In 1968, BBDS merged with California Baptist Theological Seminary (founded in 1944 in Los Angeles, and located in Covina since 1951). To reflect the fact that the school was no longer wholly in Berkeley, it was renamed the American Baptist Seminary of the West, but six years later the Covina faculty moved to the Berkeley campus, effecting considerable cost savings and at the same time availing themselves of the resources of the Graduate Theological Union.
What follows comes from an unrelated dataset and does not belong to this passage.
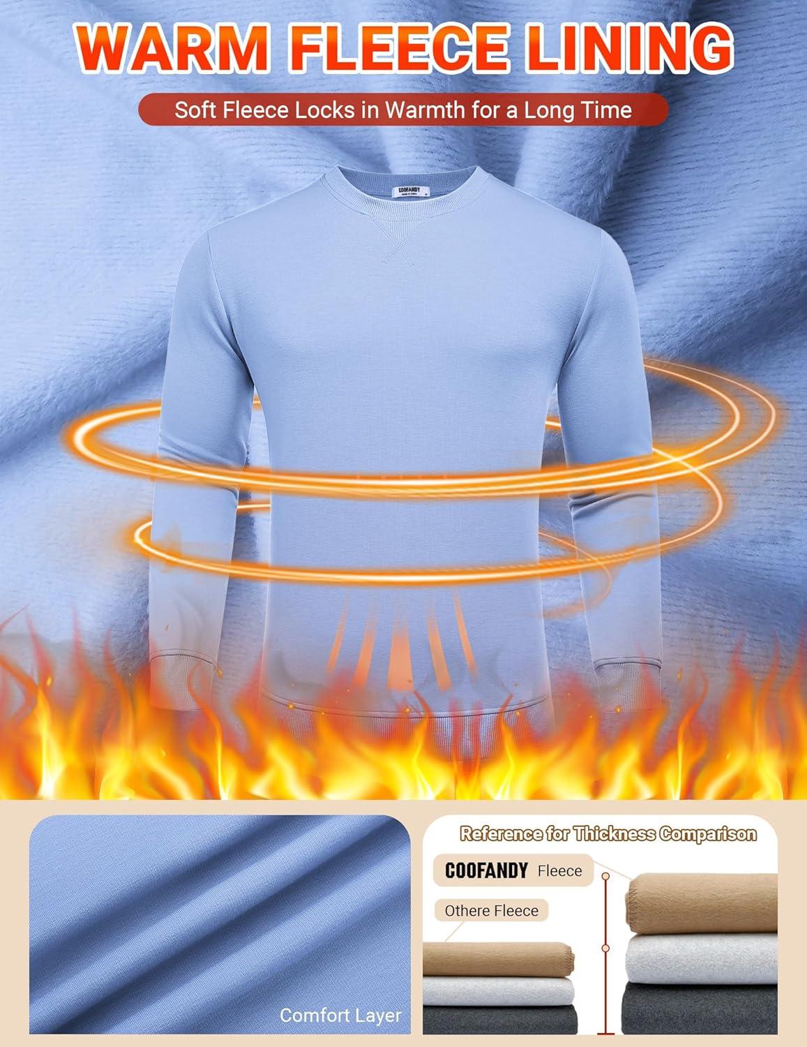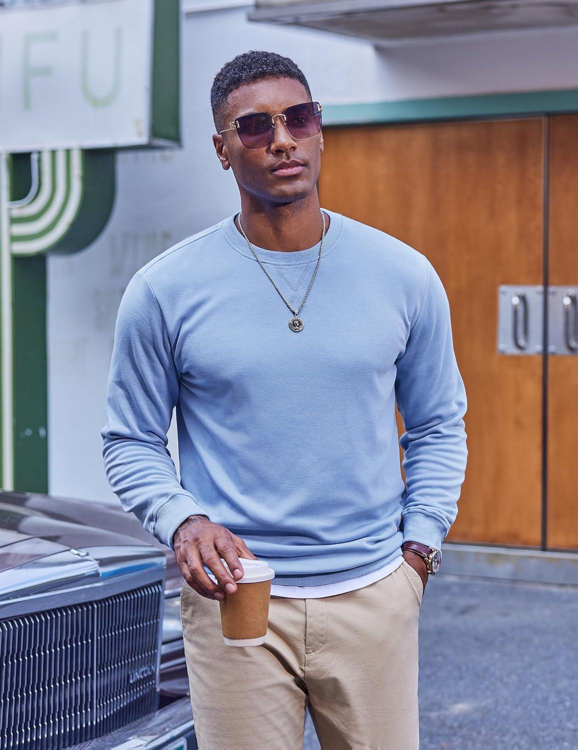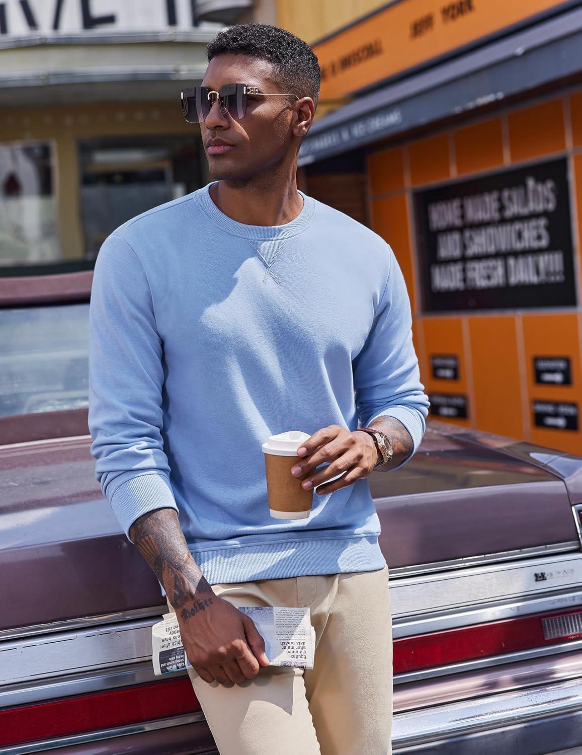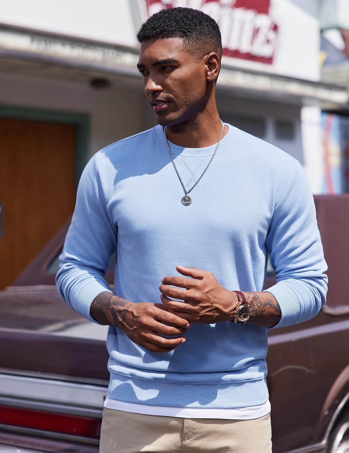 COOFANDY Men’s Fleece Crewneck Sweatshirt Casual Long Sleeve Pullover Fall Winter Warm Sweatshirts Fashion Pullovers(Light Blue)

In July 2020, ABSW changed its name again to Berkeley School of Theology.

==Academics==
BST offers a wide range of programs from specialized certificates, accredited Master of Divinity (M.Div.), Master of Community Leadership (MCL), a fully-online Master of Theological Studies (MTS) and Doctor of Ministry (D.Min.) degrees. Jointly with the Graduate Theological Union, BST offers an accredited Master of Arts (MA). BST also participates with the Graduate Theological Union in offering the Doctor of Philosophy (Ph.D.) degree.